(Data excerpts)

□ □ □

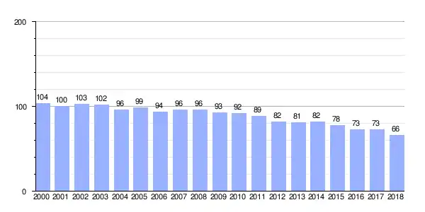 Gráfica de evolución demográfica de A Graña entre 2000 y 2018 |
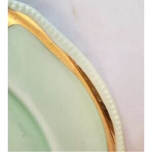Porzellan Imperial: Mint green w/ Handpainted Roses and Signed by Ullrich, Scalloped, Gold Trim
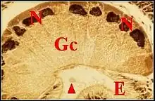 D’autre part, les cellules sécrétrices possèdent un noyau basal et sont toujours pleines de boules de sécrétion bien individualisées (3 μm). Leur chondriome est très peu développé. De plus, la pièce terminale est inexistante, la lumière est mince et se continue par celle d’un conduit constitué de chitine (polysaccharide azoté, principal constituant de la cuticule des Insectes normalement)[14].
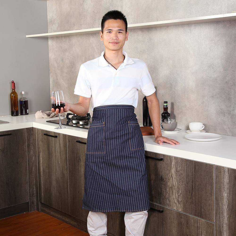 UNISEX STRIPED CANVAS Chef Long Apron Bistro Bar Waiters Half Waist Apron - $10.23 | PicClick
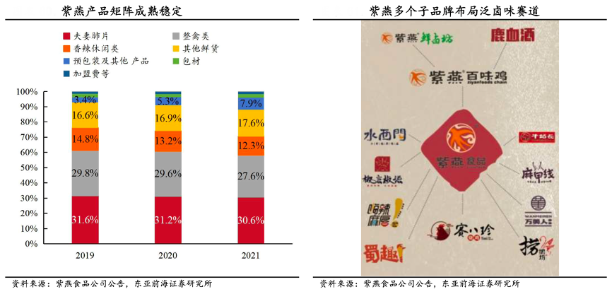 經典案例:根據紫燕食品公司公告、東亞前海證券研究所等綜合資訊表明,紫燕營業收入主要來自于夫妻肺片、整禽類、香辣休閑類、其他鮮貨等鮮貨產品。其中夫妻肺片、以紫燕百味雞為代表的整禽類產品 2021 年營收占比分 別為 30.6%/27.6%,同比-0.6pct/-2pct,近年占比總體穩定。深耕佐餐 鹵味的同時,紫燕食品在泛鹵味方面亦進行布局,其中包括紫燕鮮鹵坊、 椒言椒語等鮮鹵品牌,麻甲線、萬美人等休閑鹵味,以及賽八珍貢鵝、嗨辣麻唇等鹵味餐飲。

□ □ □

## About this task
The whole of the data needs to be copied word for word, though not its pictures.

## Solution to this task
 Gráfica de evolución demográfica de A Graña entre 2000 y 2018 |
Porzellan Imperial: Mint green w/ Handpainted Roses and Signed by Ullrich, Scalloped, Gold Trim
 D’autre part, les cellules sécrétrices possèdent un noyau basal et sont toujours pleines de boules de sécrétion bien individualisées (3 μm). Leur chondriome est très peu développé. De plus, la pièce terminale est inexistante, la lumière est mince et se continue par celle d’un conduit constitué de chitine (polysaccharide azoté, principal constituant de la cuticule des Insectes normalement)[14].
 UNISEX STRIPED CANVAS Chef Long Apron Bistro Bar Waiters Half Waist Apron - $10.23 | PicClick
 經典案例:根據紫燕食品公司公告、東亞前海證券研究所等綜合資訊表明,紫燕營業收入主要來自于夫妻肺片、整禽類、香辣休閑類、其他鮮貨等鮮貨產品。其中夫妻肺片、以紫燕百味雞為代表的整禽類產品 2021 年營收占比分 別為 30.6%/27.6%,同比-0.6pct/-2pct,近年占比總體穩定。深耕佐餐 鹵味的同時,紫燕食品在泛鹵味方面亦進行布局,其中包括紫燕鮮鹵坊、 椒言椒語等鮮鹵品牌,麻甲線、萬美人等休閑鹵味,以及賽八珍貢鵝、嗨辣麻唇等鹵味餐飲。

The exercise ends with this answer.